Maria Marjorette O. Pena

Abstract

In the United States, colorectal cancer (CRC) is the third most diagnosed cancer and the second leading cause of cancer deaths. In 2015, approximately 143,000 new cases will be diagnosed and 50,000 deaths are predicted. Liver metastasis is the major cause of death. To understand the molecular and cellular mechanisms of liver metastasis, we used an orthotopic mouse model of CRC liver metastasis that recapitulated all stages of tumor growth and metastasis to perform whole genome microarray analysis to identify genetic changes in the liver microenvironment in response to primary tumor growth in the cecum. We identified lipocalin 2 (Lcn2) as the most highly expressed gene in pre-metastatic liver. LCN2 is a 25 kD secreted glycoprotein that plays a key role in the innate immune response. LCN2 has been associated with various types of cancers including thyroid, cervical, breast, and renal.

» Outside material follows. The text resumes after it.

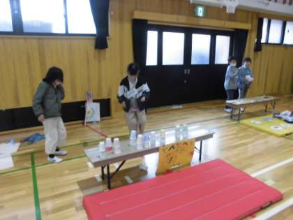 今日は生活科で作った手作りおもちゃをお店にして、クラスの友達にゲームで遊んでもらいました。まずは、友達に遊んでもらえるように準備をします。

However, its role in the tumor microenvironment has not been fully elucidated and there is conflicting data on its role in tumor growth and liver metastasis of CRC. To determine the effect of elevated serum levels of LCN2 on liver metastasis of CRC, Lcn2 was cloned into the pV1J plasmid and electroporated in vivo into syngeneic mice while control mice were electroporated with pV1J empty vector. MC38 CRC cells were then injected into the spleen of electroporated mice and the extent of liver metastases was determined after three weeks. The results showed that mice injected with Lcn2 expressing plasmid had elevated serum levels of LCN2 and showed a significantly higher rate of liver metastasis as compared to mice electroporated with empty vector. The results suggest that elevated LCN2 expression in the microenvironment is sufficient to enhance liver metastasis of CRC, underscoring its potential as a therapeutic target.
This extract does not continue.